You are viewing a plain text version of this content. The canonical link for it is here.

Posted to dev@mahout.apache.org by Robin Anil <ro...@gmail.com> on 2009/09/29 17:40:04 UTC

Including PIG release as a mahout dependency.

Arguments for:
1) Pig has well implemented Tuple implementation(Writable) and
DataBag(collection of tuples) which works well  over hadoop

http://hadoop.apache.org/pig/javadoc/docs/api/org/apache/pig/data/package-summary.html
       Built in functions over tuples.
http://hadoop.apache.org/pig/javadoc/docs/api/org/apache/pig/builtin/package-summary.html

2) There is a contribution to Mahout in PIG.


Or i could just lift them from there.

Robin

Re: Including PIG release as a mahout dependency.

Posted by zaki rahaman <za...@gmail.com>.
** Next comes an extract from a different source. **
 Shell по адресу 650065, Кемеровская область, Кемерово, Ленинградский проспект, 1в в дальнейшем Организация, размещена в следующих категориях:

Which contrib is in Pig? I remember seeing something related to Hoffman's
PLSI? Is that what you're referring to?

And I see no problems in including it, other than Pig's being very very
fickle when it comes to Hadoop. For me personally, it's been frustrating to
have scripts break down when running locally/vs on EC2 bc of the quirks
between version numbers, but this is something that is being worked on I
believe. What would be even neater I think is to be able to drive Mahout
jobs and functions from Pig (or at the very least store processed data in
formats that Mahout can use). No easy task, but I can dream, can't I?
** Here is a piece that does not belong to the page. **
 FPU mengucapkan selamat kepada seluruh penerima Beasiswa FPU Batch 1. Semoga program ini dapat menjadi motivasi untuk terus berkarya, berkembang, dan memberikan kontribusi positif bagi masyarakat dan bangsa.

On Tue, Sep 29, 2009 at 11:47 AM, Ted Dunning <te...@gmail.com> wrote:

> Other arguments for:
>
> 1) pig is a very nice way to express lots of algorithms.  Cooccurence and
> cross occurrence counting in 20-30 lines, that sort of thing.
>
> Cons:
>
> Pig is pickier than any of our other code about hadoop versions.
>
> On Tue, Sep 29, 2009 at 8:40 AM, Robin Anil <ro...@gmail.com> wrote:
>
> > Arguments for:
> > 1) Pig has well implemented Tuple implementation(Writable) and
> > DataBag(collection of tuples) which works well  over hadoop
> >
> >
> >
> http://hadoop.apache.org/pig/javadoc/docs/api/org/apache/pig/data/package-summary.html
> >       Built in functions over tuples.
> >
> >
> http://hadoop.apache.org/pig/javadoc/docs/api/org/apache/pig/builtin/package-summary.html
> >
> > 2) There is a contribution to Mahout in PIG.
> >
> >
> > Or i could just lift them from there.
> >
> > Robin
> >
>
>
>
> --
> Ted Dunning, CTO
> DeepDyve
>

-- 
Zaki Rahaman

Re: Including PIG release as a mahout dependency.
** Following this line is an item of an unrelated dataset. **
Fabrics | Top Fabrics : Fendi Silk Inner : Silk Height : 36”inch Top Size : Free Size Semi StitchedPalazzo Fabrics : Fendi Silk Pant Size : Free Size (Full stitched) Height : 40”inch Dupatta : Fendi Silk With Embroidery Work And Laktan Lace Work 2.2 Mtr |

Posted by Ted Dunning <te...@gmail.com>.

Other arguments for:

1) pig is a very nice way to express lots of algorithms.  Cooccurence and
cross occurrence counting in 20-30 lines, that sort of thing.

Cons:

Pig is pickier than any of our other code about hadoop versions.

On Tue, Sep 29, 2009 at 8:40 AM, Robin Anil <ro...@gmail.com> wrote:

> Arguments for:
> 1) Pig has well implemented Tuple implementation(Writable) and
> DataBag(collection of tuples) which works well  over hadoop
>
>
> http://hadoop.apache.org/pig/javadoc/docs/api/org/apache/pig/data/package-summary.html
>       Built in functions over tuples.
>
> http://hadoop.apache.org/pig/javadoc/docs/api/org/apache/pig/builtin/package-summary.html
>
> 2) There is a contribution to Mahout in PIG.
>
>
> Or i could just lift them from there.
>
> Robin
>

-- 
Ted Dunning, CTO
DeepDyve